Engineers hate calibration because it’s not fair to great teams, in which everyone deserves high ratings, and because it discourages teamwork, since team members compete against each other for rewards. Managers hate calibration because it forces them to make hard choices, it punishes them for having a great team while rewarding their peers for having poor teams, and it creates uncomfortable conversations with their employees.
Well, I love calibration. That’s right, I love it! You weenies and whiners can go join some puritan, petite startup, while I count our billions and continue working with a top-notch staff. Hey, I’m huge on rewarding strong teams and teamwork. The fact that you think calibration discourages teamwork shows your ignorance. It’s time you got a clue.
There are teams and then there are divisions. They are not the same. A division has thousands of engineers. A team has between one and 12. You are calibrated against your peers in your division, not your team. Yes, the few engineers on your team that are in your discipline career stage are among the hundreds in your calibration group. So what? That’s rounding error. You’re not competing against your teammates—you’re being compared across your division.

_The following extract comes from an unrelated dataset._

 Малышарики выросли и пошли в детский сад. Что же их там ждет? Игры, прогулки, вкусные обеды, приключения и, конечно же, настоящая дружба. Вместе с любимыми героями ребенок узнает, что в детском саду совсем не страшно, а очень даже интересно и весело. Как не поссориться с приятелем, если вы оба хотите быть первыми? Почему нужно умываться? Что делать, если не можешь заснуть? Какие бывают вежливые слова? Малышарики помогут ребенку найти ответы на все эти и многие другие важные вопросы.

A common concern is, “Instead of rating teams against their results, we’re rating engineers against each other! Doesn’t that discourage teamwork?” No, it doesn’t. Remember, you’re compared against all the engineers in your discipline and career stage across your division—not just the few on your team. If you and your teammates perform better than others in your division because you collaborate well, then you and your teammates will rank higher.

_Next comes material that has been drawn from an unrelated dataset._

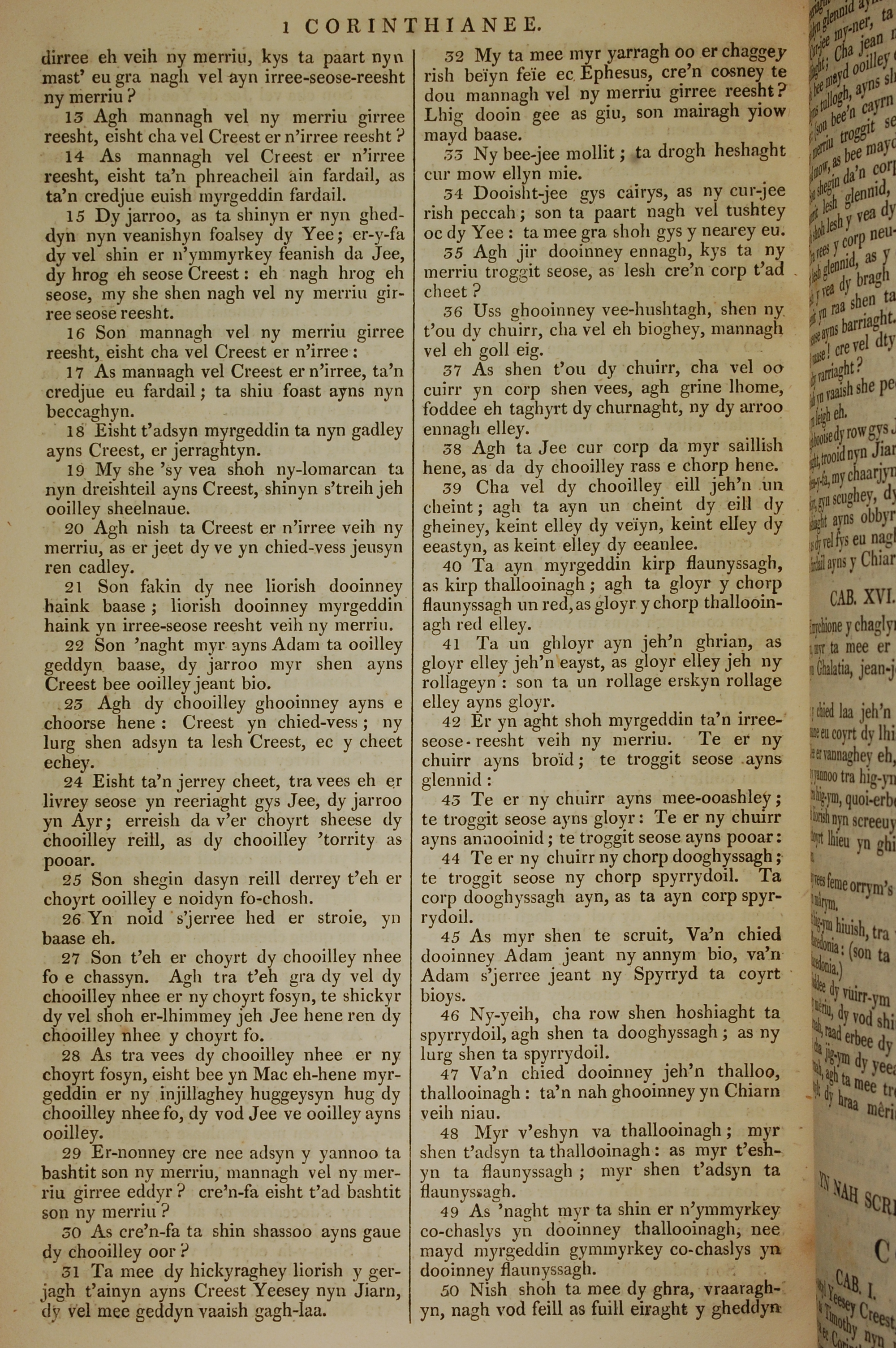 1819年曼島語聖經 哥林多前書 15 章 13 節到 15 章 50 節

Don’t get me wrong—managers can certainly use calibration to create a competitive environment within their teams, making them dysfunctional. But managers can create competitive, dysfunctional environments any number of ways.
Calibration doesn’t discourage teamwork. However, calibration does have a message for employees—Microsoft pays for performance. If you are not performing as well as other engineers in your discipline at your career stage, then you will not be paid as well as your peers. If you perform better than other engineers in your discipline at your career stage, then you will be paid extra —sometimes a great deal extra.